Eskom is paying for the sins of past executives: De Ruyter

Andisiwe Makinana Political correspondent
Outgoing Eskom CEO Andre de Ruyter blamed many of its problems on 'my somewhat less than illustrious predecessors' when he appeared before Scopa on Tuesday. File photo.
Outgoing Eskom CEO Andre de Ruyter blamed many of its problems on 'my somewhat less than illustrious predecessors' when he appeared before Scopa on Tuesday. File photo.
Image: Deon Raath

Eskom boss Andre de Ruyter has blamed previous government administrations and executives for the rolling blackouts, saying the power utility was paying for the sins of the past.

On the other hand, Eskom bosses say they are aiming to improve Eskom's energy availability factor (EAF) from the current 58% to 65% by the end of March 2024, and 70% by the end of March 2025.

Eskom's leadership was appearing before parliament’s standing committee on public accounts (Scopa) on Tuesday, as the country endures months of the most crippling outages. 

The utility’s chair, Mpho Makwana, said the target was to recover 1,862MW in 2023 and 6,000MW in the next 24 months with an intensified effort at the top six power stations.

“It is in this context that we are here this morning, a context in which we feel we are making breakthroughs,” he said.

De Ruyter said while they appreciate the extreme frustration caused to many South Africans by load-shedding, the damage to the economy and the impatience with finding urgent solutions, it was fair to point out that the current situation was not a new development.

He traced it back to 1998 when an energy white paper recorded that Eskom was asking for new capacity to be added urgently.

“In its wisdom, government at the time disagreed and said it had other priorities and that the money required to add new capacity should be allocated to other needs.

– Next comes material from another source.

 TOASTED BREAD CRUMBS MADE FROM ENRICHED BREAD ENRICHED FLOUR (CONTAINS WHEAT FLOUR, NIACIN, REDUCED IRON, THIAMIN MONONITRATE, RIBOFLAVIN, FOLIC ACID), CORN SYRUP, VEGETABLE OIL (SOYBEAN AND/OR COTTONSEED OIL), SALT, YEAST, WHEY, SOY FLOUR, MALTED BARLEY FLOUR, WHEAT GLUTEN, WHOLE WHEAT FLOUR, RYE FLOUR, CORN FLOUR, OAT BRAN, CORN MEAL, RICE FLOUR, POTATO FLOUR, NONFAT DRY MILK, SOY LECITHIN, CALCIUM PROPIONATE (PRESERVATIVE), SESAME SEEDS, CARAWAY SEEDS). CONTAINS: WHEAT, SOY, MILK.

“We then had no option but to create virtual capacity — by deferring maintenance, postponing midlife refurbishments and by running our plants harder than the international norm would indicate.”

De Ruyter said there was a deliberate decision to neglect maintenance to create capacity, to prevent load-shedding.

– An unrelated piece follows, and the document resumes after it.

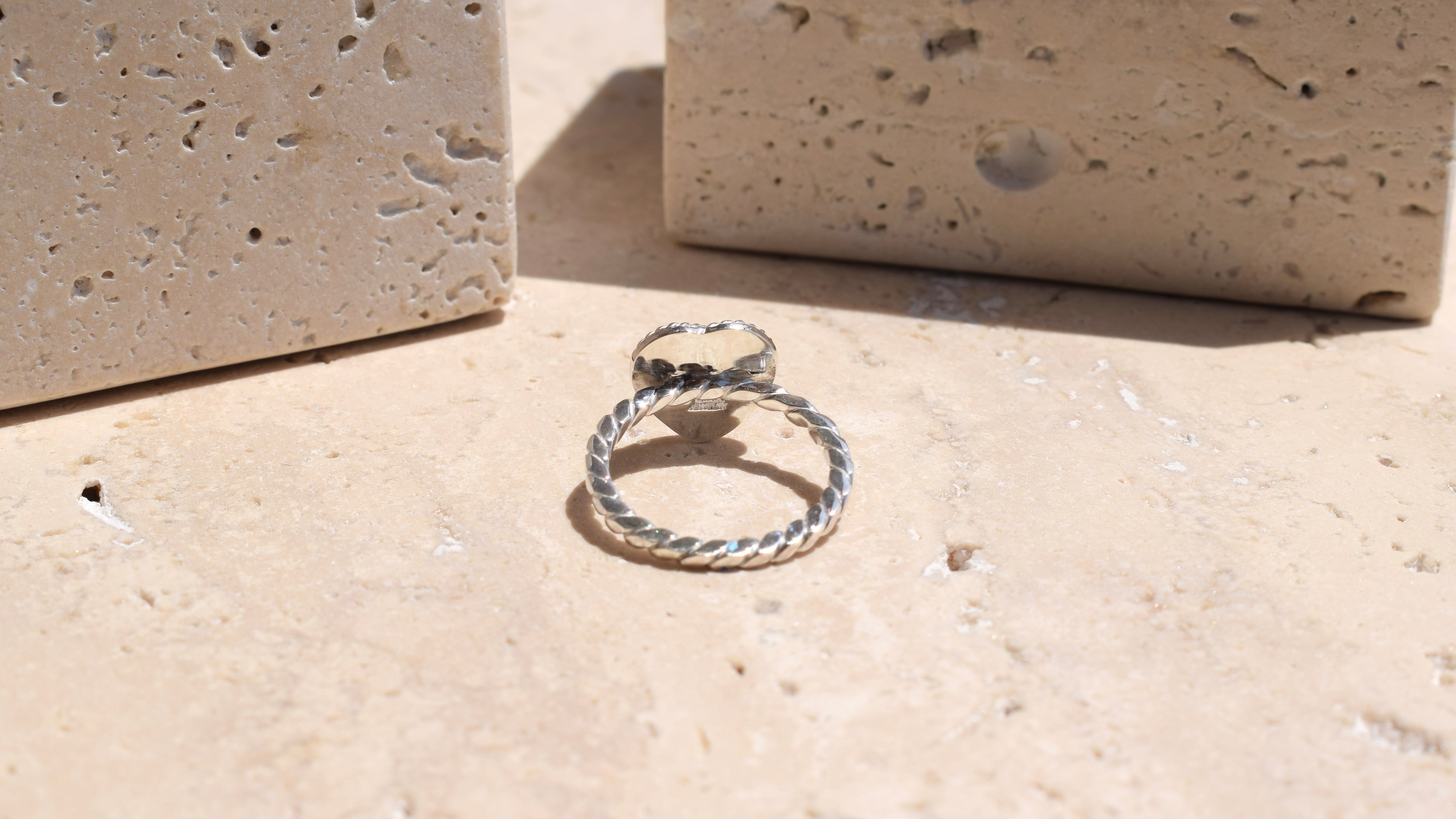 深い色合いを持つスリーピングビューティーのターコイズを使用した、上品でスタイリッシュなデザインのリングです。特別な日だけでなく、日常使いにもぴったり。心を込めて制作した一点ものですので、大切な人へのプレゼントにも、自分へのご褒美にもぜひご利用ください♡

In 2010, for instance, during the Soccer World Cup Eskom managed to keep the lights on by deferring maintenance and by running the plants harder than it was technically responsible to do, he said.

“So a political decision was made, and it was executed, but deferring maintenance is like borrowing from the future. You take a loan, and eventually when the maintenance falls due, the interest rate that you pay is extortionate.

“It’s like deferring the servicing of your car. Instead of regularly servicing it, you run it until it breaks, and then the cost of repairing that car is significantly higher than the accumulated cost of services that you would have paid.

“So this is the situation we are in today; we are paying for the sins of the past.”

De Ruyter, serving notice after his resignation last month, also slated former Eskom bosses for refusing to sign agreements with independent power producers (IPPs).

“In 2014, my somewhat less than illustrious predecessors refused to sign purchase agreements with IPPs on the grounds that this would not be in the interest of Eskom.”

He said calculations done by energy experts have indicated that as much as 95% of load-shedding today could have been avoided if those contracts had been signed.

“These are hypothetical arguments, and some other experts with other agendas differ from those calculations. but suffice to say that if we had additional capacity today, load-shedding would definitely have been less. So those decisions were wrong.”

Eskom is hoping to add 1,862MW to the grid by end-March this year, which is more or less equivalent to two stages of load-shedding. It further intends to add 6,000MW in the next 24 months.

De Ruyter said it was difficult to say when exactly load-shedding would end but could say “the risk of load-shedding will diminish in the next 18 months”.